───── INFORMATION GIVEN ─────

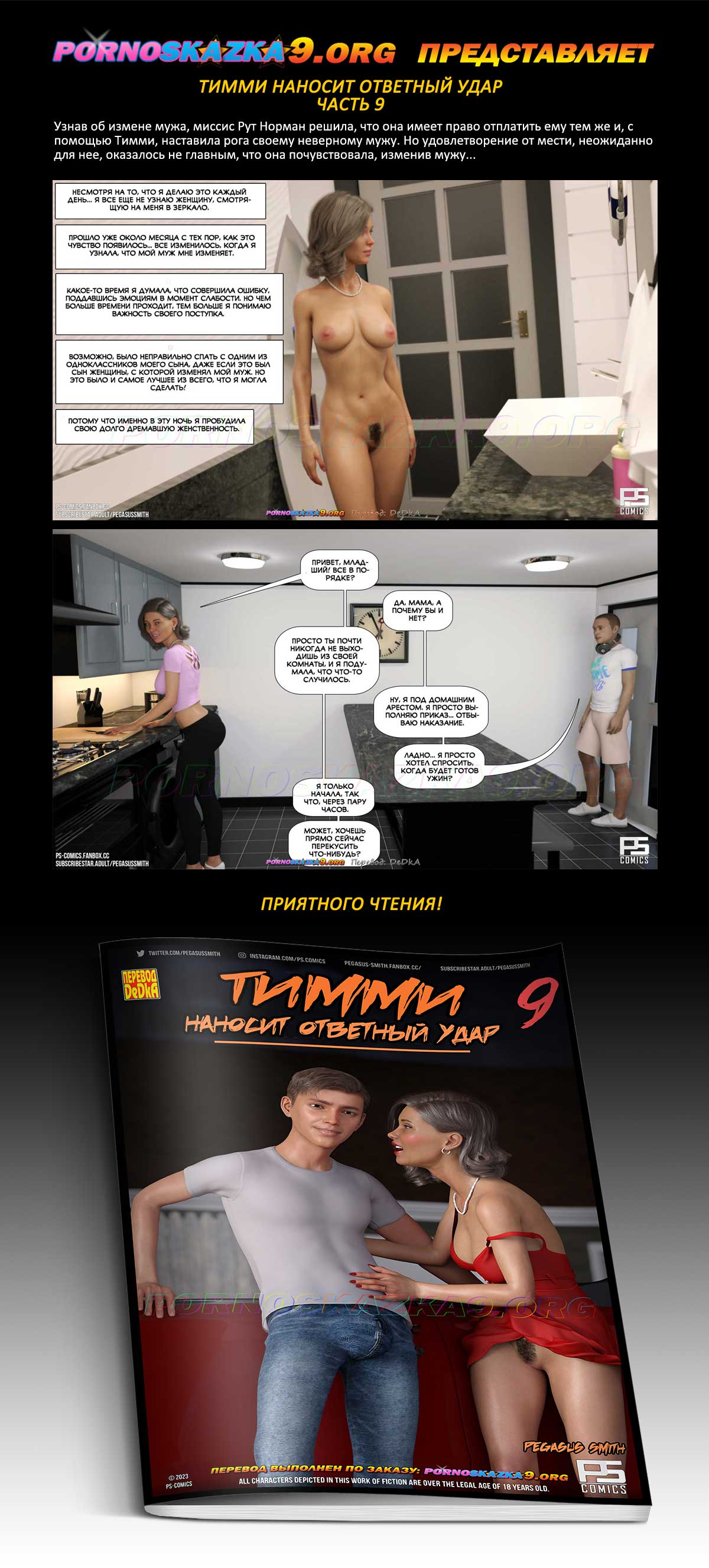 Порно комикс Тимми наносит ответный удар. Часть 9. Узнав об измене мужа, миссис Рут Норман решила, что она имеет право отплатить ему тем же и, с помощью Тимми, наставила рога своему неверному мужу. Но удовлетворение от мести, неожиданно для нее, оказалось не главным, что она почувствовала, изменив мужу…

─────
───── INFORMATION GIVEN ─────

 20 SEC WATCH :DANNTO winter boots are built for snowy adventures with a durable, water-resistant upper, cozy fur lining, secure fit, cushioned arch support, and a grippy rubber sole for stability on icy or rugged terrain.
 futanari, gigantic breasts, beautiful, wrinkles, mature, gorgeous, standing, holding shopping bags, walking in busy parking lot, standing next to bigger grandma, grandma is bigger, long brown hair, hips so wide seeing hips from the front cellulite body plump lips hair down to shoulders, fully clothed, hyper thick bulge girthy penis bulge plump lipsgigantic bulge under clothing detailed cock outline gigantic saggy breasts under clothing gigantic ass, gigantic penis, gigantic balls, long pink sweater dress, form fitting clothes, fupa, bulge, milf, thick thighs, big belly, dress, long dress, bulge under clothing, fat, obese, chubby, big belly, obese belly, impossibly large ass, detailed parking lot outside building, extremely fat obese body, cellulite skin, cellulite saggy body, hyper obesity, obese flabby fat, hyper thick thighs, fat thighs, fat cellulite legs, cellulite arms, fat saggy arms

─────

▶ TASK REQUIREMENTS
Transcribe the records above exactly, beginning at the line that contains "20 SEC WATCH" and ending with the line that contains "fat saggy arms", both included, and nothing else.

▶ RESPONSE AREA
 20 SEC WATCH :DANNTO winter boots are built for snowy adventures with a durable, water-resistant upper, cozy fur lining, secure fit, cushioned arch support, and a grippy rubber sole for stability on icy or rugged terrain.
 futanari, gigantic breasts, beautiful, wrinkles, mature, gorgeous, standing, holding shopping bags, walking in busy parking lot, standing next to bigger grandma, grandma is bigger, long brown hair, hips so wide seeing hips from the front cellulite body plump lips hair down to shoulders, fully clothed, hyper thick bulge girthy penis bulge plump lipsgigantic bulge under clothing detailed cock outline gigantic saggy breasts under clothing gigantic ass, gigantic penis, gigantic balls, long pink sweater dress, form fitting clothes, fupa, bulge, milf, thick thighs, big belly, dress, long dress, bulge under clothing, fat, obese, chubby, big belly, obese belly, impossibly large ass, detailed parking lot outside building, extremely fat obese body, cellulite skin, cellulite saggy body, hyper obesity, obese flabby fat, hyper thick thighs, fat thighs, fat cellulite legs, cellulite arms, fat saggy arms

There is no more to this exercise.